Russ's attitude gave me food for thought. Of course he's right that Velma obsesses over her weight, but he's remarkably intolerant of his partner's weaknesses; over and over he says that despite how wonderful they are together, her insecurities are nothing but vanity and if she can't change in a hurry, he's "out of here". Is it tough love, or disturbingly perfectionist? Accepting of Velma's body, or dismissive of her anxieties? Supporting a strong woman, or not allowing her to show any weakness? I think the book comes down firmly on his side: Velma needs to shape up her attitude, not her body, to earn his love.
The book is so message-laden that I found myself looking for messages in any strange detail that was emphasized more than once--and there were quite a few. Intellectuals (outside of Greek fraternities) are pot-heads with no respect for property? Given a conflict of interest between an old friend's business and a lover's, don't be honest with the friend?
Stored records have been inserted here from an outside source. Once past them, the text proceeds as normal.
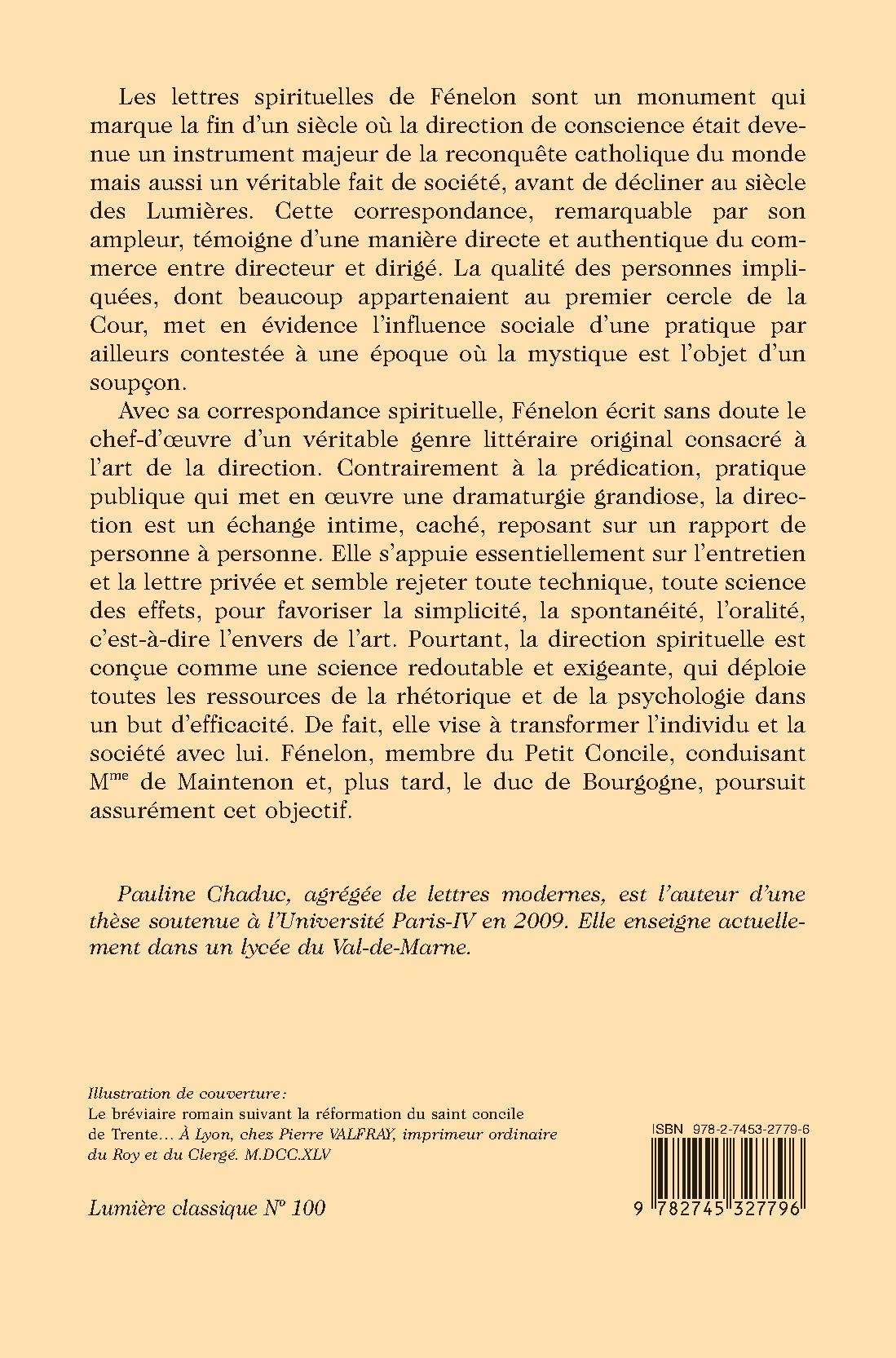 Les lettres spirituelles de Fénelon sont un monument qui marque la fin d’un siècle où la direction de conscience était devenue un instrument majeur de la reconquête catholique du monde mais aussi un véritable fait de société, avant de décliner au siècle des Lumières. Cette correspondance, remarquable par son ampleur, témoigne d’une manière directe et authentique du commerce entre directeur et dirigé. La qualité des personnes impliquées, dont beaucoup appartenaient au premier cercle de la Cour, met en évidence l’influence sociale d’une pratique par ailleurs contestée à une époque où la mystique est l’objet d’un soupçon.
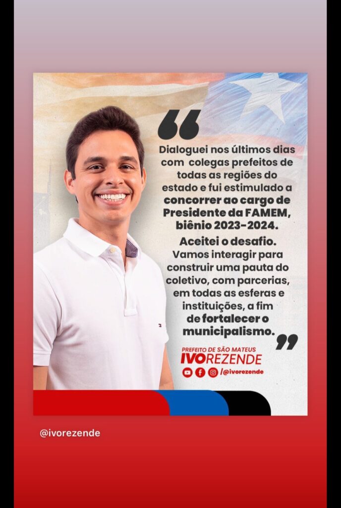O jovem prefeito de São Mateus, Ivo Rezende, será o candidato a presidência da Federação de Prefeitos do Maranhão (FAMEM) apoiado pelo governador Carlos Brandão (PSB).
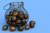 Zdjęcie "Luksusowe złote jaja w metalowym koszu lub tekturze papierowej izolowane na białym tle. 3d renderowania koncepcji Wielkanoc lub jaj kurzych na omlet lub jajecznicę smażone jajko na śniadanie rano" może być wykorzystywane do celów osobistych i komercyjnych zgodnie z warunkami zakupionej licencji Royalty-free. Obraz jest dostępny do pobrania w jakości wysokiej rozdzielczości do 5760x3840.
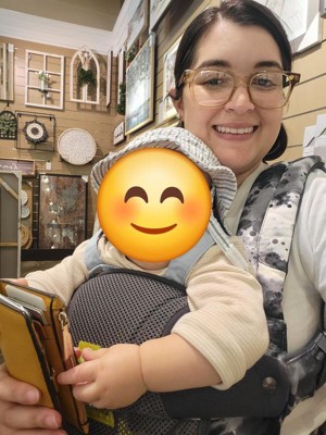 A: I purchased this as a gift for my son and daughter in law. I did use it a few times. It was a little more complicated that the Baby Bjorn, but not by much. Once I used it a couple times, it was fine.
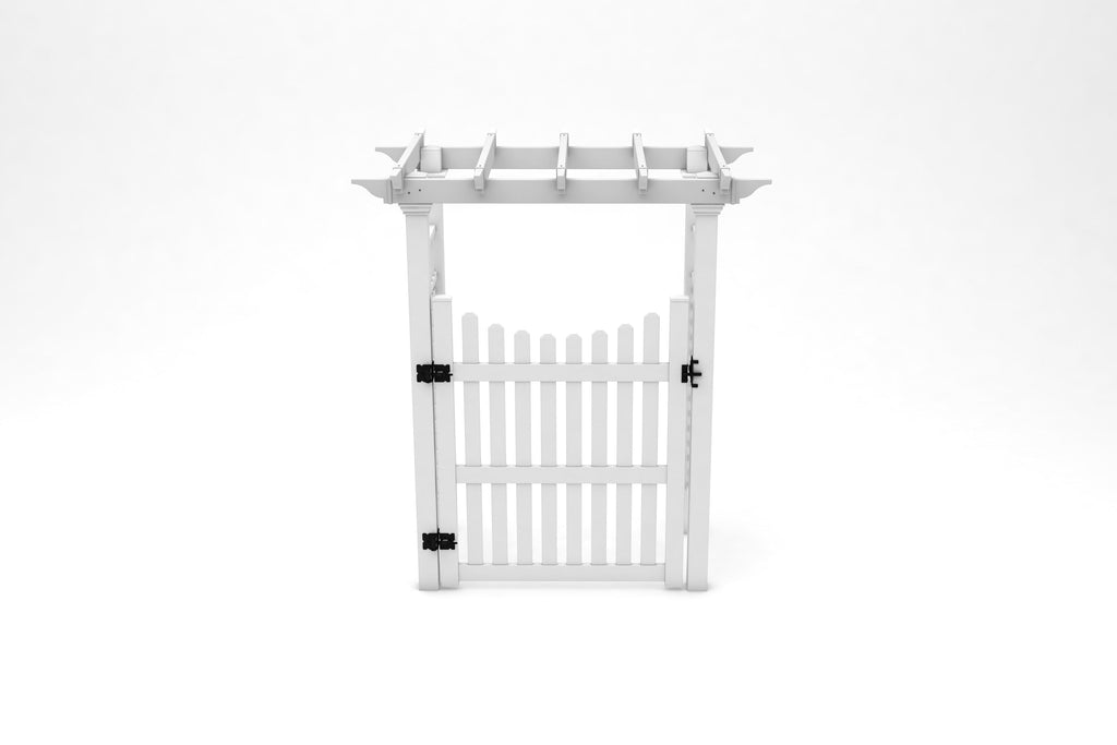 The arbors that are compatible with the Cottage picket gate are: Fairfield, Fairfield deluxe, Nantucket Deluxe, Westchester, Newport.
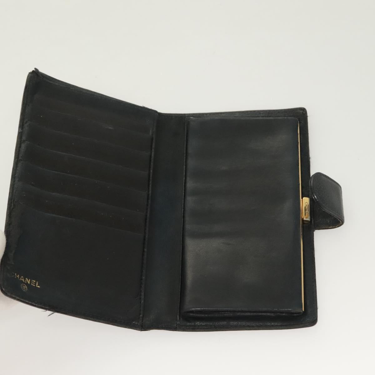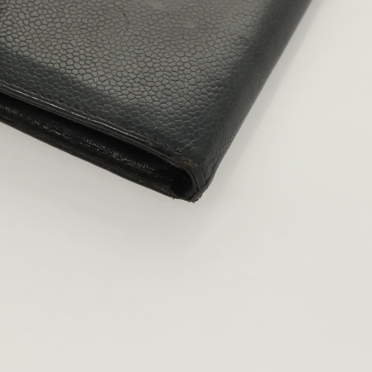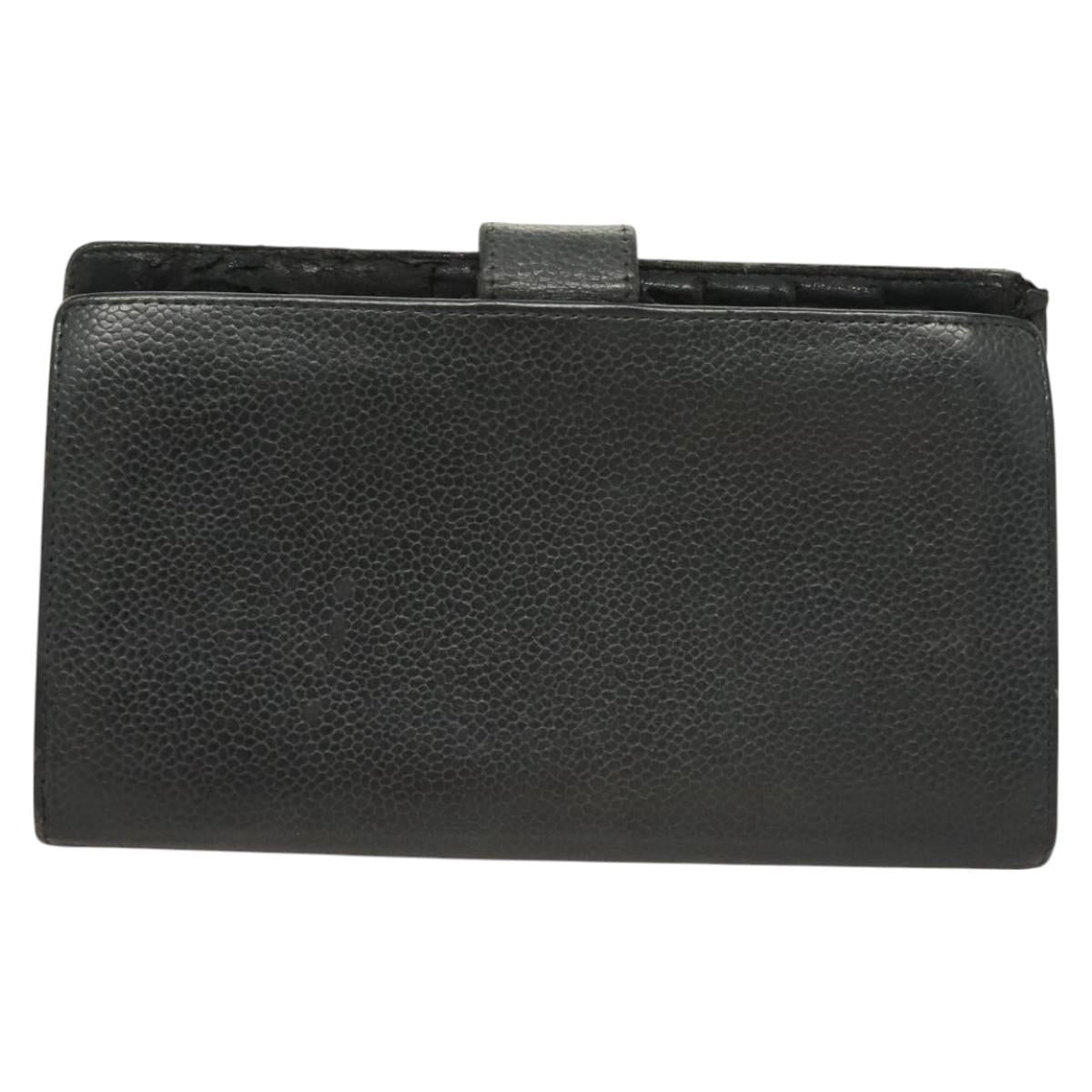 CHANEL Long Wallet Caviar Skin Black Gold CC Auth bs27231
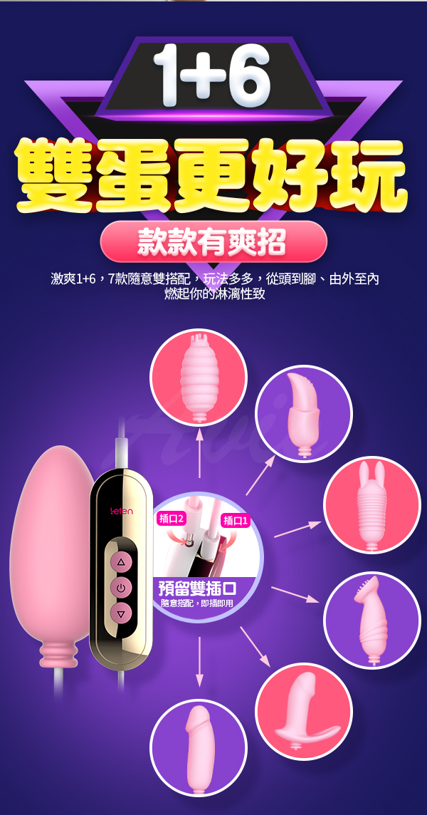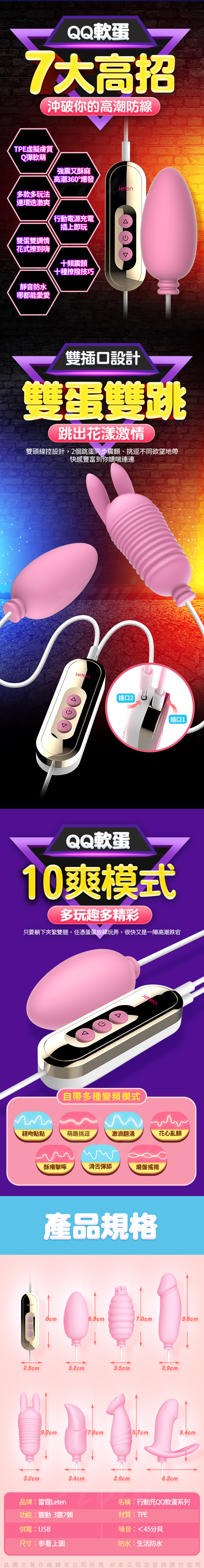 .主商品:Leten-Q軟蛋 USB直充供電隨插即用雙跳蛋-蟲蟲款
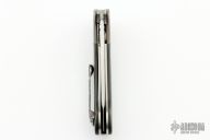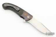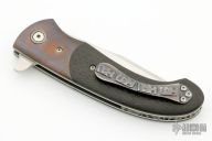This linerlock folder by DB Fraley features a hand rub satin finished blade with a flipper.  The handle features anodized titanium bolsters, satin titanium liners, carbon fiber scales, anodized titanium backspace with Lost Souls engraving, and a tip up anodized titanium clip with Lost Souls engraving. Comes with leather sleeve and COA dated 7/22/23. New from maker. #1
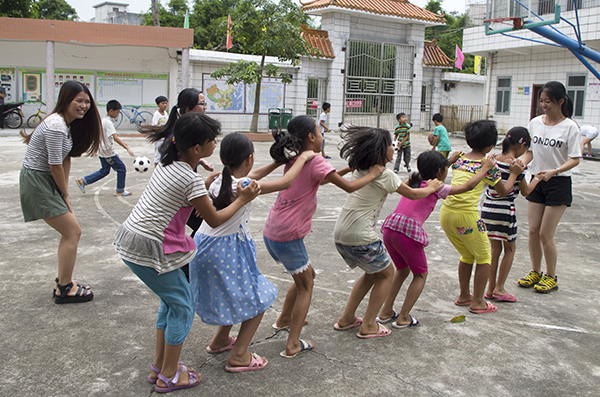 仅仅两天的接触,小朋友们就和小老师们建立了一段深厚的情谊。对于小学生,小老师们不仅是他们的老师,也是他们一起玩耍的小伙伴,是朋友。
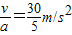 解答:解:108km/h=30m/s,根据速度时间公式得,加速度的大小a=
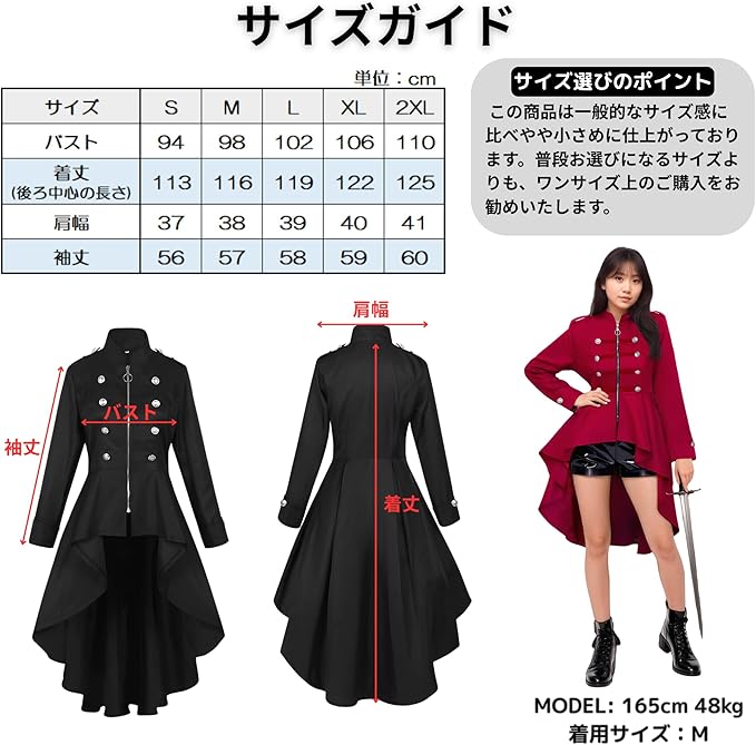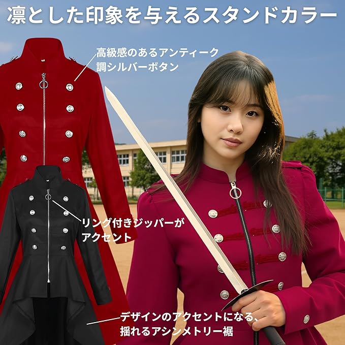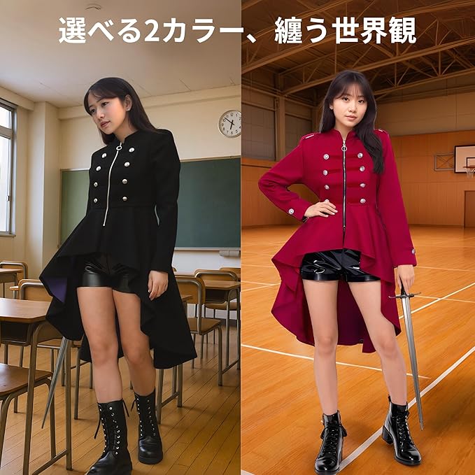 [AZ-FRONT] 軍服 ロリータ ゴスロリ コスプレ ハロウィン 燕尾服 アシンメトリー裾 パーティー 文化祭 学園祭 ステージ a
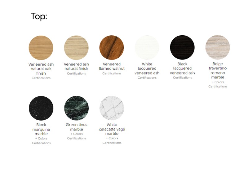 - Deze tafel heeft een centraal gelakt metalen onderstel dat zowel stabiliteit als een vleugje moderniteit biedt. Het ronde tafelblad is verkrijgbaar in verschillende luxe materialen, waaronder gefineerd hout, kristalkeramiek en marmer. Let op: de ø180 maat is niet beschikbaar met een kristal keramisch blad.
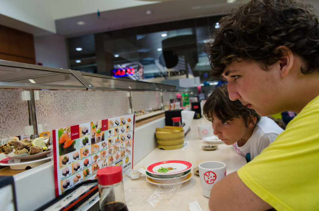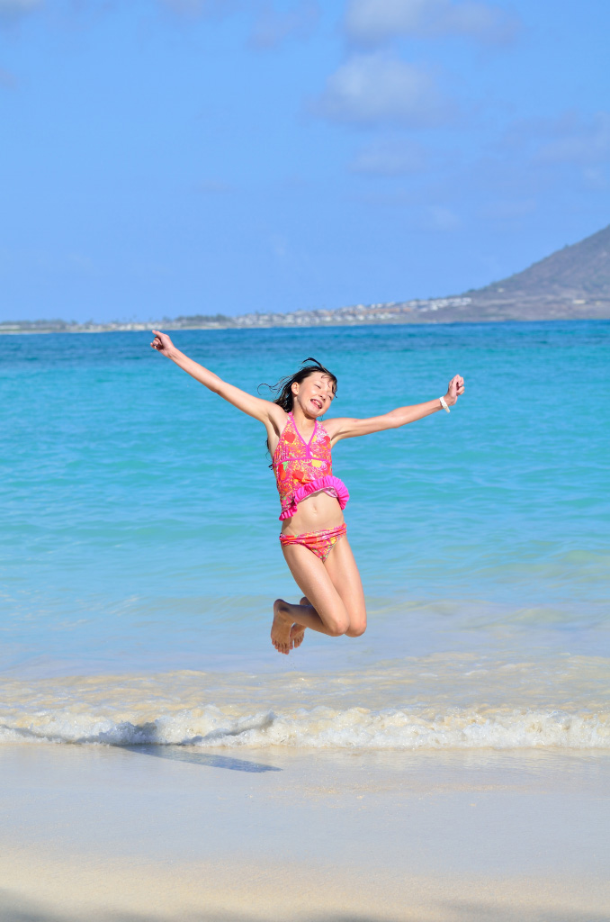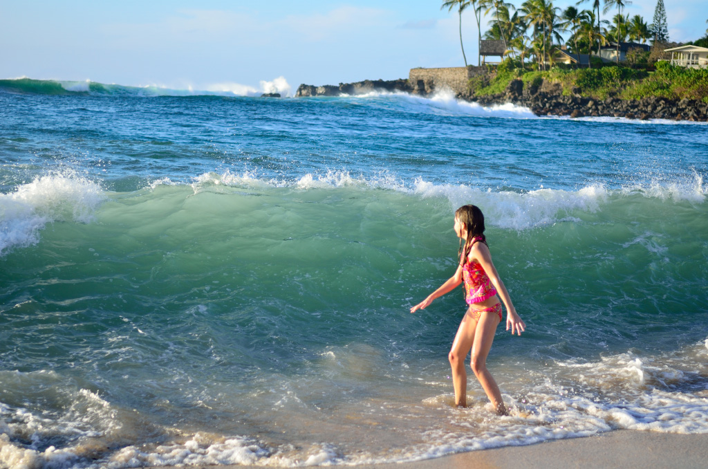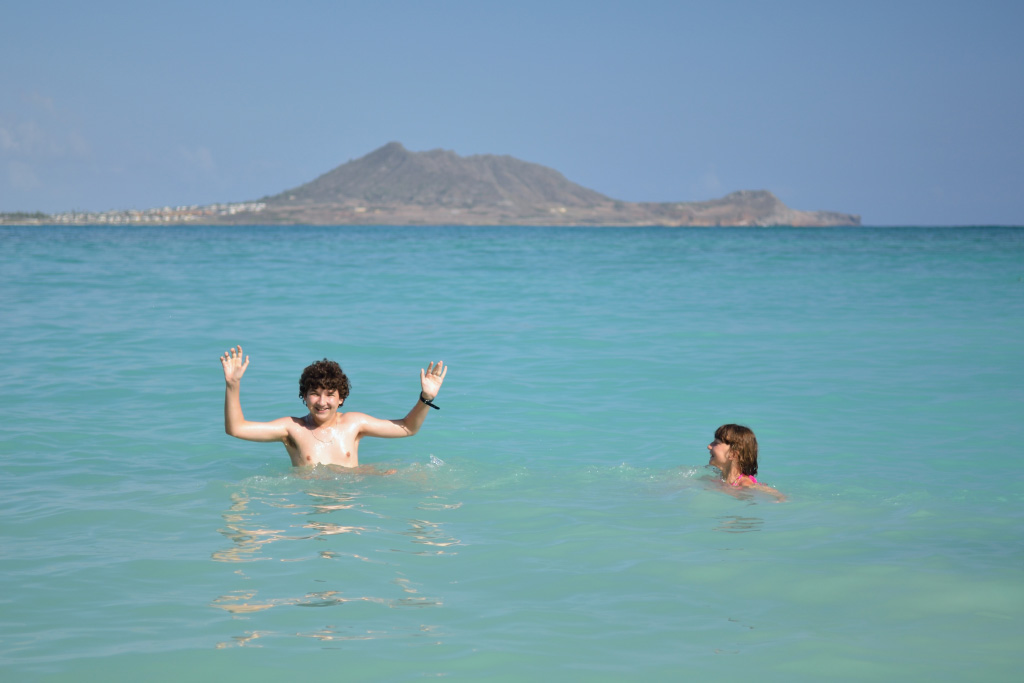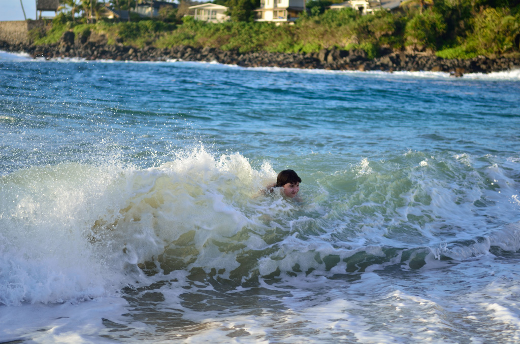 Hi mom! Today was a super-fun day. So, we were starting to walk to the beach that we went on the second time yesterday and dad saw this place where you could rent a car for 24 hours for $130.00 dollars. Dad bought it and I liked it because it was blue and inside there was a lot of space. Then of course we drove to the beach. It was such a relief to ride a car after all that walking yesterday. There was a little floating oval-shaped floating box that looked like it had a geocache on it when you look at the map. Dad and I put our masks on and swam to it. Dad dove down to look at the chain that was holding it 3 times. On the third time, dad accidentally hit it and it floated to the surface where I was swimming. When dad came up, I showed him the geocache. Then we went back to shore and tried to find something to put in it for 100 Japan money. So we were just siting around when dad saw this lens from some kind of sunglasses of something. When he looked into it, it acted like a magnifying glass. We thought that we could put it in the geocache. After we were done, we went to buy some food from Costco. We also got some to eat then. Once we were done, we drove to the other side of the island to a beach. The beach had big waves. First we were scared, but then Dmitry saw that there was a part with smaller ones. While we were swimming, Dmitry saw a double rainbow. It was so pretty! When we were done, we went back to our car and drove all the way to the other side of the island. We dropped off our food from Costco and Dmitry and I went into our room. Dad gave the car back. I really liked the waves today. They were not gigantic, but not tiny waves. Just perfect.

The other characters act as a sort of Greek chorus, reinforcing the book's messages--particularly the uneven power dynamic between Velma and Russ. Velma's sister and brothers-in-law make it clear that Velma needs to tailor her sense of humor to suit Russ; she needs to learn to respect his way of doing things above her own; she needs to change her thinking to fit his. The "give" in the relationship is very one-sided. I can't help but wonder... will he be as unsympathetic if Velma ever goes through post-partum depression?”